Supplied records.
- - - - -

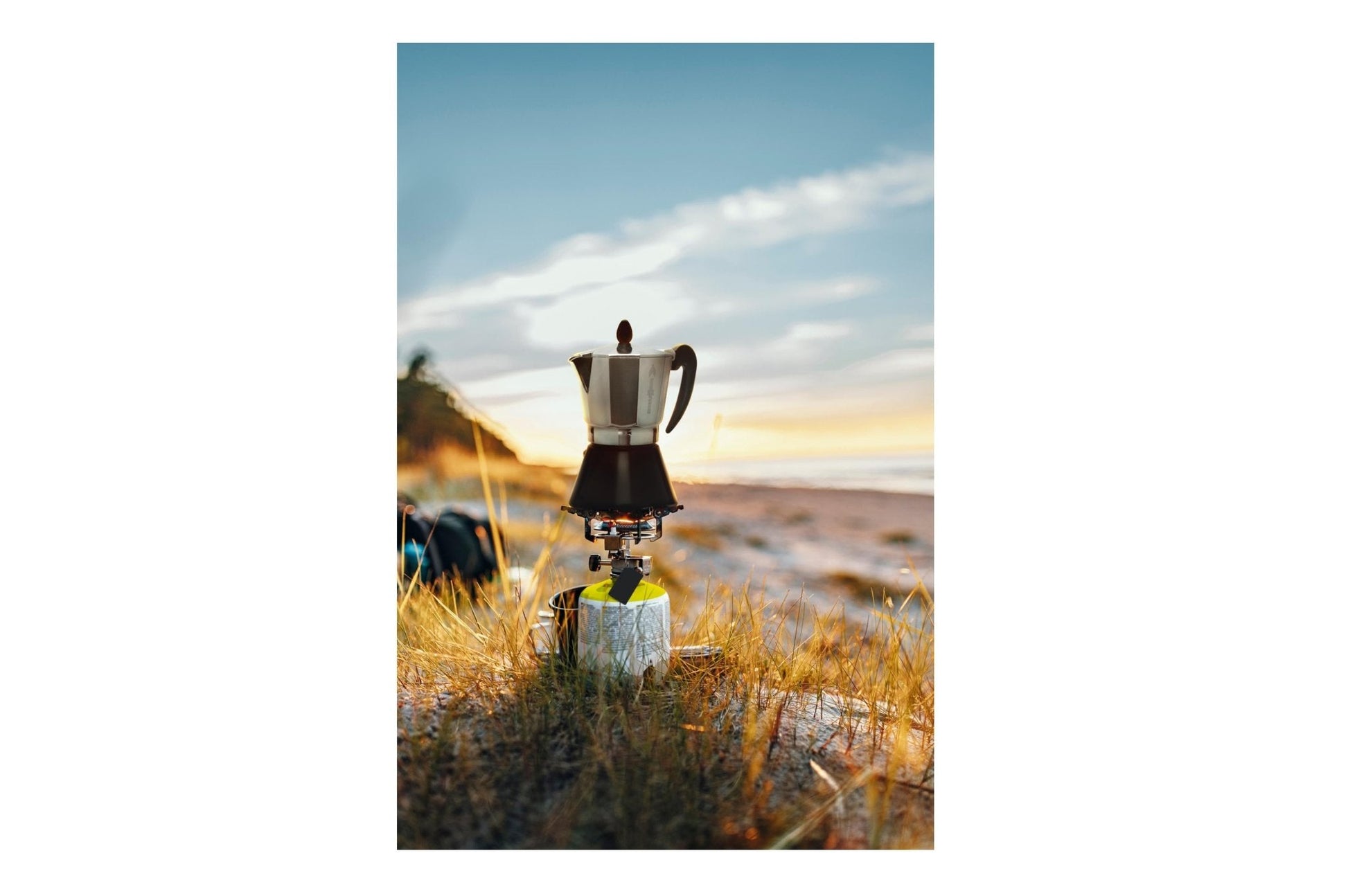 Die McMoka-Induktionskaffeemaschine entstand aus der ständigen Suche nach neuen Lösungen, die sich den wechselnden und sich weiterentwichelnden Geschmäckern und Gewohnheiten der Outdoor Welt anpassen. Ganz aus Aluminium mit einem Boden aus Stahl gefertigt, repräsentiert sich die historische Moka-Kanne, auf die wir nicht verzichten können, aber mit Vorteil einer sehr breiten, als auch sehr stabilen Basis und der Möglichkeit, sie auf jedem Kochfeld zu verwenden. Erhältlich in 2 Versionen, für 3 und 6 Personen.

- - - - -

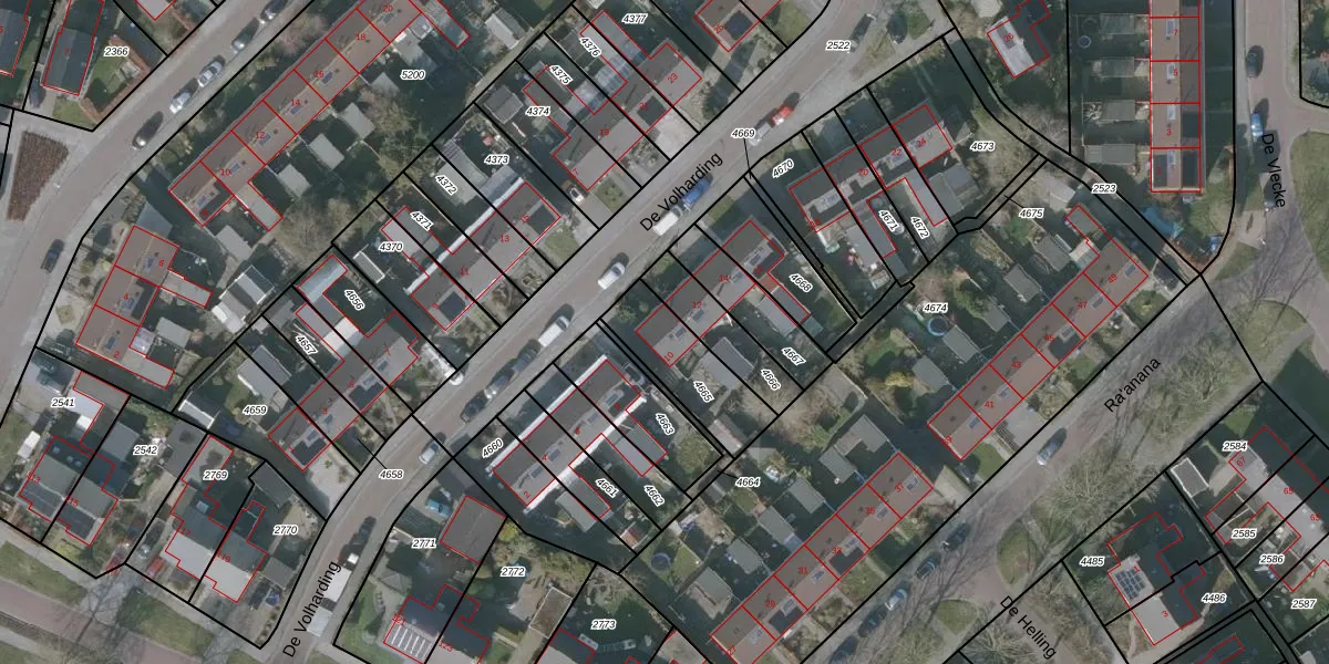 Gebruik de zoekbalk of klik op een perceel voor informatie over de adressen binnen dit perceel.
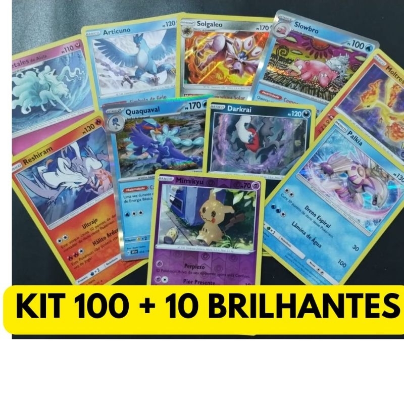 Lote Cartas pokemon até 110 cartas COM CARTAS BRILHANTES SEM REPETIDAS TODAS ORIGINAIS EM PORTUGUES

- - - - -

What needs to be done. Using the material above, reproduce only the lines that run from the line with "Gebruik de zoekbalk" up to and including the line with "Lote Cartas pokemon", exactly, with the pictures dropped.

Expected output.
 Gebruik de zoekbalk of klik op een perceel voor informatie over de adressen binnen dit perceel.
 Lote Cartas pokemon até 110 cartas COM CARTAS BRILHANTES SEM REPETIDAS TODAS ORIGINAIS EM PORTUGUES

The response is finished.